Couratin made further additions from the Pontifical; before the Ordination Prayer he included a translation of the formula Oremus fratres carissimi ...; and, during the administration of Holy Communion, the Choir were to sing the Jam non dicam vos servos .... He introduced the Offering by the Newly-ordained to the Bishop, and provided a formula: the Pontiff said "I will offer in his dwelling an oblation with great gladness: I will sing and speak praises unto the Lord"; and the choir sang "Ye have not chosen me ...". Then, during "The offering of the Bread and Wine" the choir sang "Tu es sacerdos in aeternum secundum ordinem Melchisedech". It is not difficult to detect here a determination to restore that sense of Sacrifice and Priesthood which Apostolicae curae had complained that Cranmer had eliminated.
Apostolicae curae did, however, have a point. By eliminating the part of the Roman Canon which followed the Consecration, the Prayer Book Rite presented Anglo-Catholics with a problem. Having successfully taught their laity that the bread and wine truly became the Lord's Body and Blood, they found they had a rite in which the Consecration now appeared merely to be a way of securing the Presence so that it could be adored and/or received. This was accentuated by the growing practice of singing the Agnus Dei after the Consecration. My learned predecessor at S Thomas's, Trevor Jalland, observed "Thus the whole attention of the worshippers is concentrated on the Presence at the very time when there should be thought of sacrificial offering" (This our Sacrifice, 1933, 146sqq.). He went on to suggest that "a partial remedy lies ready to hand". He recommended the use of hymns "expressive of the sacrificial aspect of the Eucharist", mentioning in particular one of a number of hymns composed by W W H Jervois designed to paraphrase parts of the Unde et memores and to teach the doctrine of the Mass as a propitiatory sacrifice for the departed as well as for the living. This hymn was duly introduced into the Oxford rite of Ordination between the Consecration and the Agnus Dei.
It appears with the title "Hymn at the Consecration", and reads: Wherefore, O Father, we thy humble servants/ Here set before thee Christ thy well-beloved,/ All-perfect Offering, Sacrifice immortal,/ Spotless Oblation.// See now thy children, making intercession/ Through him our Saviour, Son of God incarnate,/ For all thy people, living and departed,/ Pleading before thee. It was often sung in Anglo-Catholic churches (as late as the 1960s in Pusey Chapel in Oxford) after the Consecration, while the Celebrant said various things secreto. (I would be interested if anyone had evidence bearing on how widespread this usage was.)

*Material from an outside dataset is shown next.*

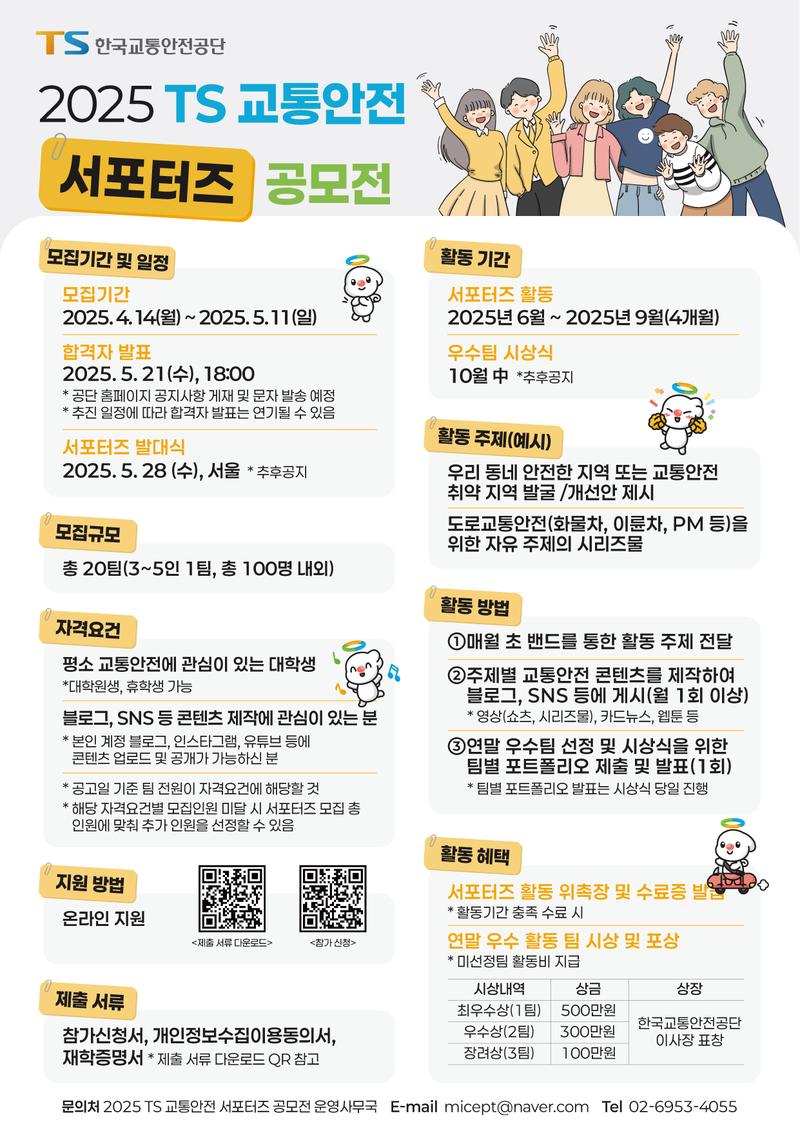 2025 TS 교통안전 서포터즈 공모전을 아래와 같이 개최하오니, 많은 지원 바랍니다.
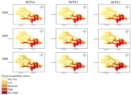 Providing the flood susceptibility maps and investigating the impacts of climate change on flood susceptibility of study areas throughout time were the primary objectives of this study. Accordingly, the flood susceptibility maps were mapped for both Loup (Figure 6) and Lower Nicola River (Figure 7) watersheds in the years 2020, 2050, and 2080 under three climate change scenarios of RCP2.6, RCP4.5, and RCP8.5. As briefly explained in Section 2.5, to provide flood susceptibility maps under climate change scenarios, the former precipitation layer was replaced with the intended climate change scenario precipitation layer; then, the intended precipitation layer was fed the ML model along with the rest flood explanatory factors. Finally, the resulted flood susceptibility values were stratified into five classes from very low to very high susceptibility using the natural break classification technique in ArcGIS 10.8 software. The area percentages of each flood susceptibility class given the year and climate change scenario were calculated for both the Loup watershed (Figure 8) and the Lower Nicola River watershed (Figure 9).

The Bull Apostolicae curae had accurately complained that ""not only is there in the whole [Anglican] Ordinal no clear mention of sacrifice, of consecration, of priesthood, of the power to consecrate and offer sacrifice". The 'Oxford' form of priestly Ordination, however, can hardly be said to lack mention of Sacrifice! The whole congregation sang about it!
This little booklet produced for the guidance of the congregation does not mention the Latin Church's ancient custom of Concelebration by the newly ordained. But at the rehearsal, the Precentor, Fr Michael Watts, a product of St Stephen's House in the era of Canon Couratin, explained (1968) about Concelebration to the ordinands, and instructed them what to do. I remember this clearly!
Perhaps the most striking changes made by Couratin concerned the central Ordination Prayer of the Rite. As left by Cranmer, this failed to ask the Almighty to do anything whatsoever to the Ordinands. Couratin made three changes. He printed the heading "The Prayer for the Holy Spirit". Following the draft Prayer Book of 1928, which Parliament had rejected, he inserted into the Prayer a request that God would "endue them with all grace needful for their calling". And (again following 1928) he significantly changed the opening of the Prayer ... as I plan to explain next time.
ReplyDeleteAll this shews a fine example of the bishop being in charge of the liturgy in his diocese. But in Germany the boot is on the other foot and the bishops there are equally using this power in less orthodox ways!
Pretty clear that Jesus would not have composed such a prayer...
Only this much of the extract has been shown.